I find it mighty annoying. Because as a below average height I use lumbar to push me closer to the wheel. As I drive I can tell that I am going farther away from the steering wheel.

People mention in the AudiForum (US based forum) that this is a *"feature" to prevent "back aches" during long drives*. However the *Audi manual doesn't mention anything* about it and *service staff* are *clueless* about this "feature". [smiley=book2.gif]

*Can you please post what the mechanic told you after butchering your seat?* (I am at my nerves end and just about to go to the mechanic for the same problem) :lol:


----------



## captainhero17 (Apr 10, 2018)

Snake TT,
I found the old thread that talks about this. (not necessarily for TT but the problem is absolutely the same)

https://www.audiworld.com/forums/audi-a ... st25076010

(they do suggest that it might be a feature)

Again, can you please please post what the mechanic told you.


----------



## Snake TT (Jul 13, 2007)

gAgNiCk said:


> Snake TT said:
> 
> 
> > Toshiba said:
> ...


They can do whatever they want as long as they fix it, as its clearly not right.


----------



## Snake TT (Jul 13, 2007)

captainhero17 said:


> Snake TT,
> I found the old thread that talks about this. (not necessarily for TT but the problem is absolutely the same)
> 
> https://www.audiworld.com/forums/audi-a ... st25076010
> ...


I will let you know.

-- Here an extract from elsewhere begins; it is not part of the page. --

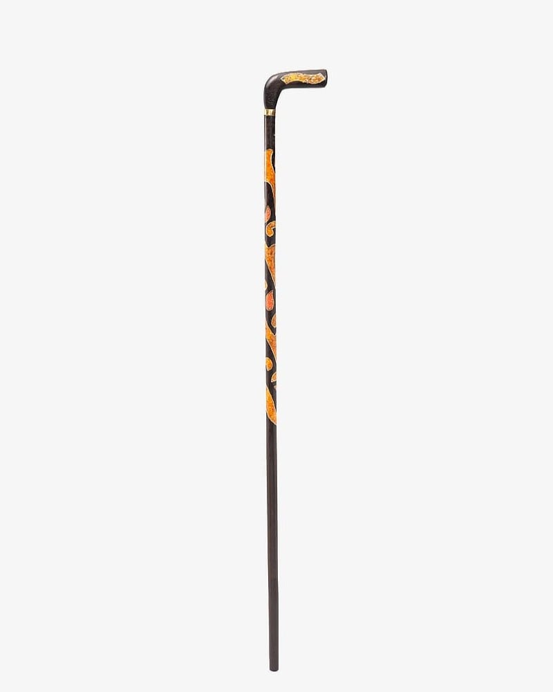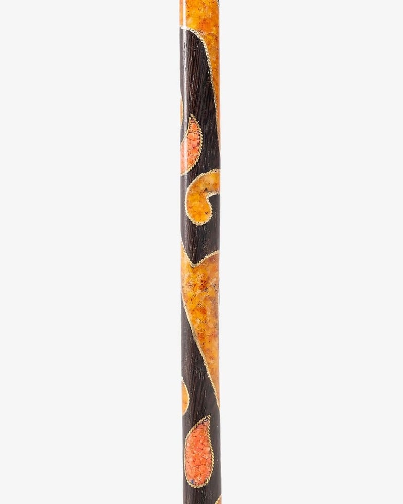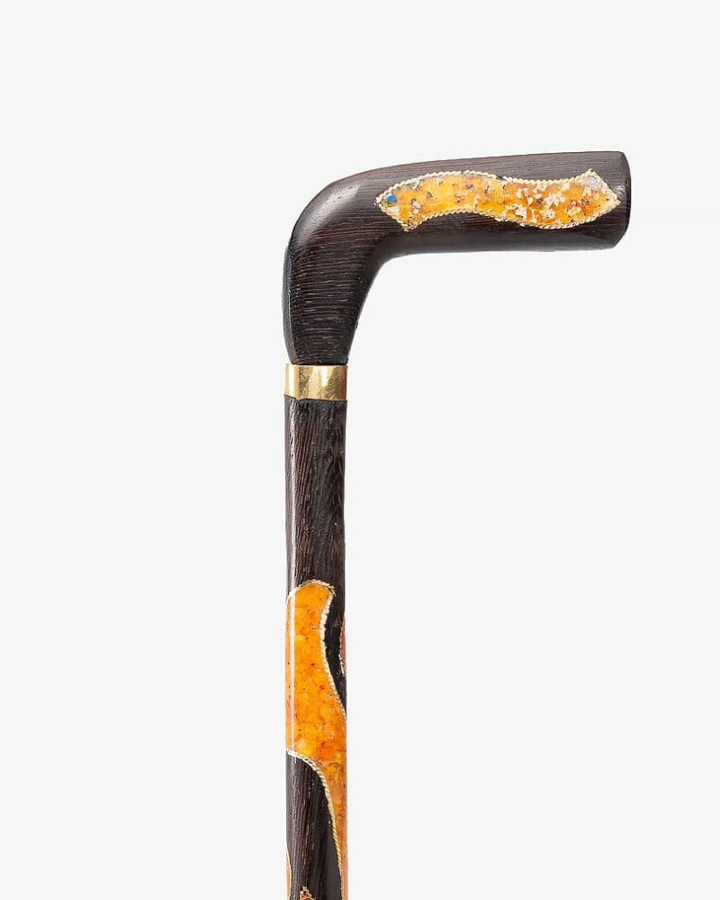 A luxurious brown crutch made of natural ebony wood, decorated with amber-like and red coral, with a longitudinal handle engraved with soft copper, hand-crafted and expertly polished by the most skilled craftsmen specialized in manufacturing crutches from natural wood, multi-use, lightweight, 93 cm long, suitable for social occasions for all tastes

Not sure when I will have time as I am super busy at the moment.


----------



## captainhero17 (Apr 10, 2018)

Snake TT said:


> captainhero17 said:
> 
> 
> > Snake TT, I will let you know. Not sure when I will have time as I am super busy at the moment.


Cheers mate,
I opened a new thread for this of my own. The people are very helpful and coming forward with their experiences with this problem.

Basically it boils down to this:
1. Go to the dealer
2. They open the seats
3. Check for the culprit
4. Dont find anything
5. Return everything as it was
6. You suddenly don't have a problem.

Sounds like parts inside the seats are coming lose. So they inadvertently tighten them properly when they put everything back together. Which solves the problem.


----------



## Snake TT (Jul 13, 2007)

captainhero17 said:


> Snake TT said:
> 
> 
> > captainhero17 said:
> ...


I think my course of action will be to demonstrate the difference between the drivers seat and the passenger seat (which is fine). Then wait for them to tell me nothing is wrong when I have just demonstrated it to them.


----------



## captainhero17 (Apr 10, 2018)

My dealers are nice and willing to help. Problem is that they are in a small town in a small country where by their own admission I am the 2nd TT owner that they had (the 1st one to have MK3). So their experience is very low to non existing with my car. 
They are used to A4 and A6 models.


----------